I was inserted in this role of being a financial planner, never really giving the appropriate amount of time or attention to money mindset and how that stuff works and what causes us to make the decisions we make. But yet here I am speaking the language of money and at the same time learning through immersion. And as I learned through immersion, we'll say like, cause that's, if I was to learn Greek by being plopped in Greece, that's immersion based learning.
I learned it through money, the language of money through immersion. And as I started to understand more about the rules of the game, we'll call it, I realized that there were these like fears that I had that were unlocked, that I really didn't know existed. What they felt like prior to 30 years of my life were just these soft, dull weights, or sometimes these heavy burdens that just persisted in my mind and sort of weighed on my shoulders.
I'd always been the sole provider. So the necessity to eat and have a house and all of the things that has always fallen on me, I think that pressure that is a privilege for me in my house. I have seven children now.
I have my eighth on the way. So there's been a growing need to provide, but I never knew until my early thirties till I started to learn the language of money that dang, I actually had a very unhealthy outlook on dollars and cents and money and how it works. And as I've learned, I actually have, I am way less fearful than I ever was.
I learned that most of my fear and in turn, most of my mindset and relationship around money, most of that was fear of the unknown. And that's actually true with like 95% of the conversations I have with people. We all walk around with fear of the unknown more than anything else.
Agi Keramidas
That's great. And actually I will carry on with that because you said, in the beginning, you talked about the ways that we can think or one can think about money. And what I wanted to ask you, because you mentioned the fear in the end and with your experience and your clients and the people you speak with, what do you, can you define a bit more that particular, you said the fear of the unknown.

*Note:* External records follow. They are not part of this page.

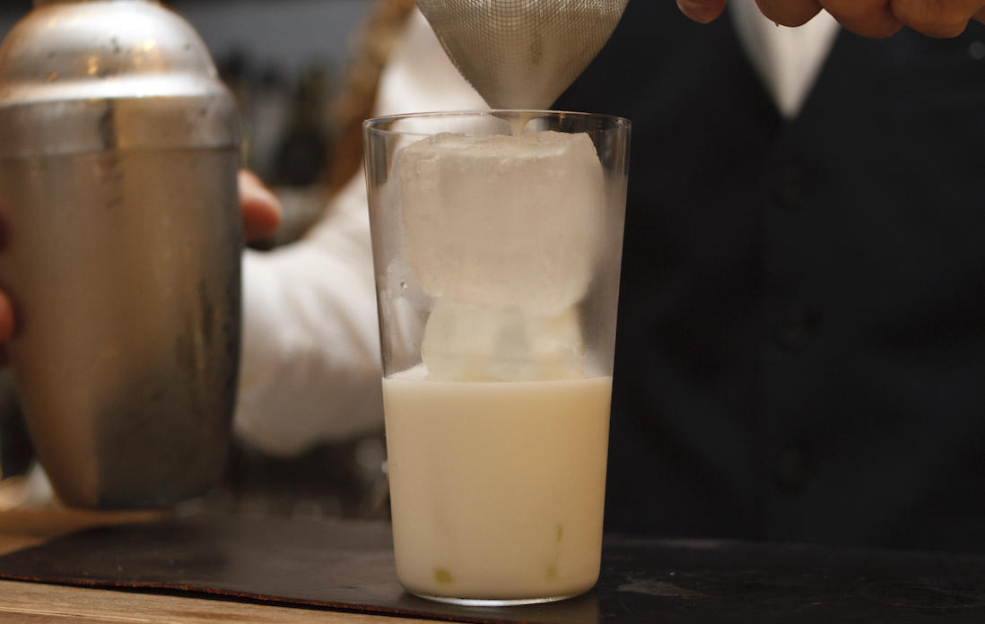 「レモンとジンと牛乳でつくるミルクジンフィズは、戦後から愛されている伝統的なカクテルです」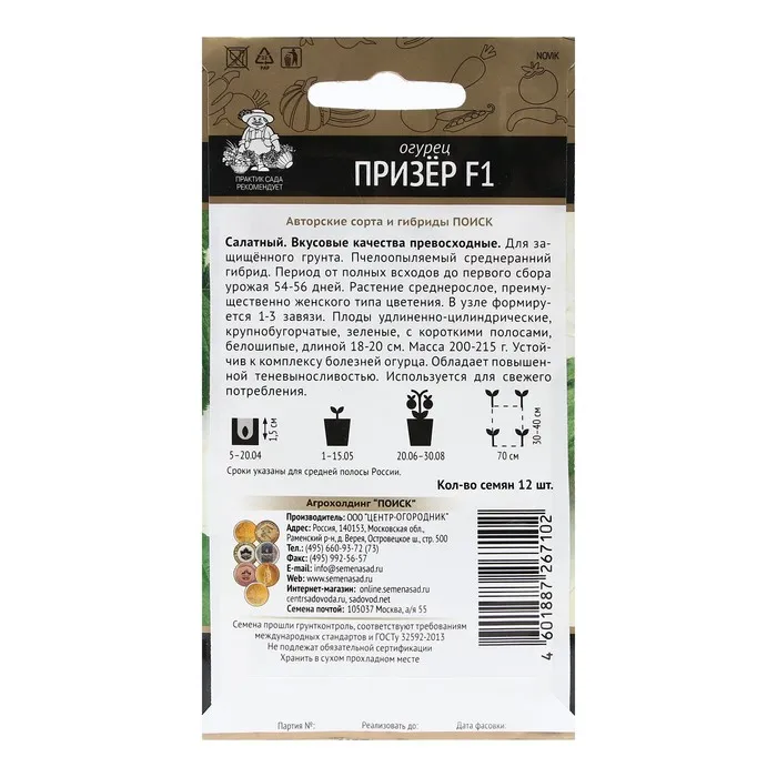 Салатный. Вкусовые качества превосходные. Для защищённого грунта. Пчелоопыляемый среднеранний гибрид. Период от полных всходов до первого сбора урожая 54-56 дней. Растение среднерослое, преимущественно женского типа цветения. В узле формируется 1-3 завязи. Плоды удлиненно-цилиндрические, крупнобугорчатые, зеленые, с короткими полосами, белошипые, длиной 18-20 см. Масса 200-215 г. Устойчив к комплексу болезней огурца. Обладает повышенной теневыносливостью. Используется для свежего потребления.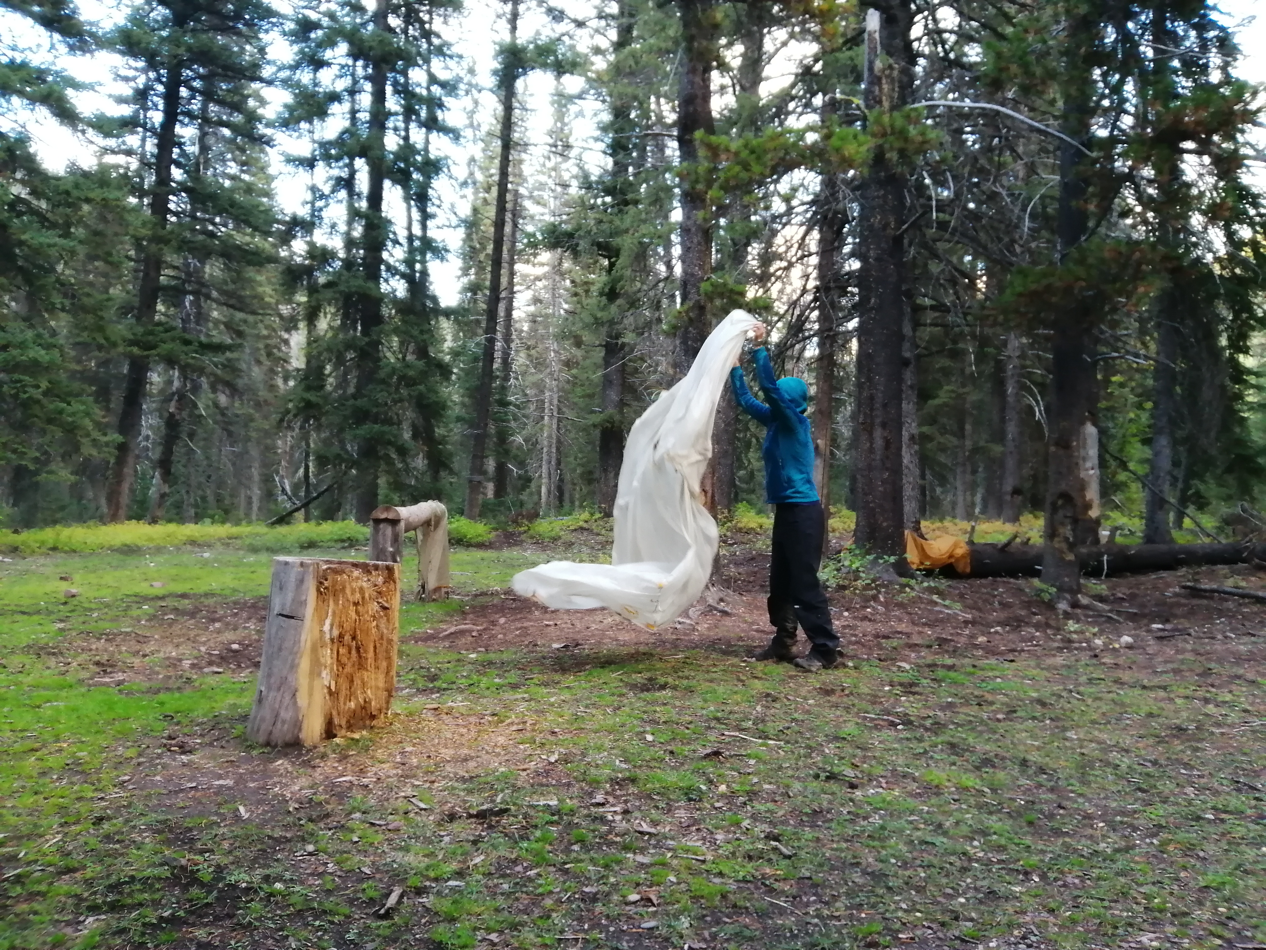 We chatted a while then hung food on a pre-set up rope, and set up camp, just as it began to rain. Sleeping to the sound of rain, when my food is hung on a proper hang and I have 6 additional people around me and can see the light of the fire through the tent, is perfection.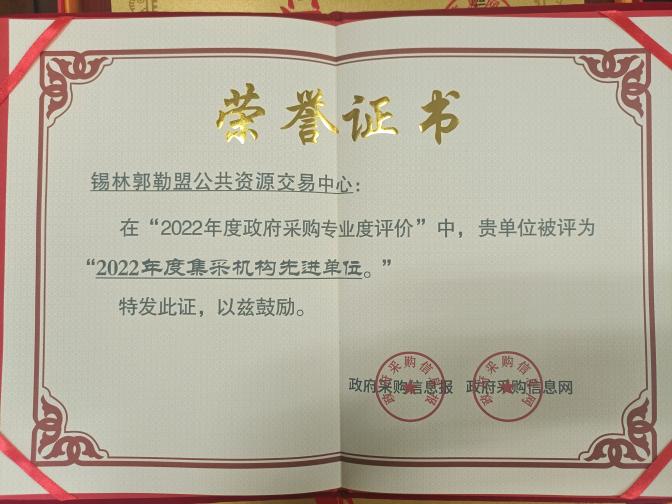 2月16日,由财政部指定政府采购宣传媒体《政府采购信息报》,联合政府采购信息网举办的“政府采购20周年双庆典暨18届全国政府采购集采年会”在北京召开。会上,对各政府采购先进单位进行了表彰。通过政府采购代理项目数量及质量、学习型政府采购专业队伍建设,采购文件编制、内控建设与全流程管理等六个维度的评价,锡林郭勒盟公共资源交易中心被评为全国“2022年度集采机构先进单位”。

Can you clarify that? How, I will put a question like this. What are the two different ways of looking at money through that lens of fear of the unknown, either having it or not having it?
So perhaps we can make a direct contrast on that.
Matt Morizio
(9:05) Yeah. So I think the best way to articulate that answer is maybe with an image. Maybe I can tell a little bit of a story or just sort of paint an image of how people live their life.

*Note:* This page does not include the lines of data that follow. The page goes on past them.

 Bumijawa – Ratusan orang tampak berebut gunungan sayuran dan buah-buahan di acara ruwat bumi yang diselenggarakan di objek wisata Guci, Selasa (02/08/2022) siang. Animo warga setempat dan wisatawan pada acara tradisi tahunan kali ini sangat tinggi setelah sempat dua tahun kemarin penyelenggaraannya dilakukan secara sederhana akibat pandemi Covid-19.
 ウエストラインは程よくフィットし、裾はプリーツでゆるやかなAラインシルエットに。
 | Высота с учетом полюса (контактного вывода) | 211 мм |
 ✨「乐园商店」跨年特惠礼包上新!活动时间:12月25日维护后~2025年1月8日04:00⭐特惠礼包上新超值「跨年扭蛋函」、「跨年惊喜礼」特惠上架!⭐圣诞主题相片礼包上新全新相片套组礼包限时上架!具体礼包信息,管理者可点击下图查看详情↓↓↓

So I would encourage anybody listening to this to think about your summer of eighth grade going into your freshman year of high school. When you reach the end of that summer, let's say like the last week of summer, and you're about to become a freshman for the first time ever, you're about to be in high school. You start to have these butterflies and these nerves and this anxiety around what it's going to be like to be a freshman in high school, because it's probably a new building.
There's probably students from multiple schools, all congregating to one. You don't know the layout or the teachers or who your classmates are going to be. Are you going to be picked on by the upperclassmen?
All these things that are running through your head that you don't know the answers to. But once you go to that school and you spend five or ten days, maybe let's call it a first week and a half of being a freshman, 80% of those fears and worries are now gone. All the stuff that you had the butterflies and nerves and the fast heartbeat on about becoming a freshman, they don't exist anymore because you know where your homeroom is, you know what your class schedule is, you know where those classes are and the teachers and your classmates are.
You're starting to get the rhythm of life as a freshman and you're no longer fearful of it. Well, I will compare it to us, and I say us because here I am at 32 or whatever it was, I was that person. And that's why I say I'm case study number one, because what I articulate to people are my truths.
So we all learn something about money and we usually learn it from our parents. And we usually don't learn it through communication because it's taboo in society to talk about money. So instead, as a parent, I learned firsthand that more is caught than taught with my kids.
So what we do as kids is we sort of catch whatever our parents feel and say and think about their money. Most of the time, it's unhealthy, it's fearful, it's scarcity driven, it's fear based. But we don't know the difference because we can't talk about it.
So we just sort of inherit that relationship. And then we bring that into adulthood. That's like being an incoming freshman and never entering freshman year.
We all walk around day to day lives, doesn't matter the age, 30, 40, 50, 60. We walk around like we're incoming freshmen because we've never crossed over that wall of the known. So to answer your question, there's the unknown and the known is really the two different lifestyles you can live.
The good news is there isn't a day in time that has more information than today. The accessibility to information to figure this stuff out has never been more abundant. So we all can cross that wall from the unknown to the known if we choose to.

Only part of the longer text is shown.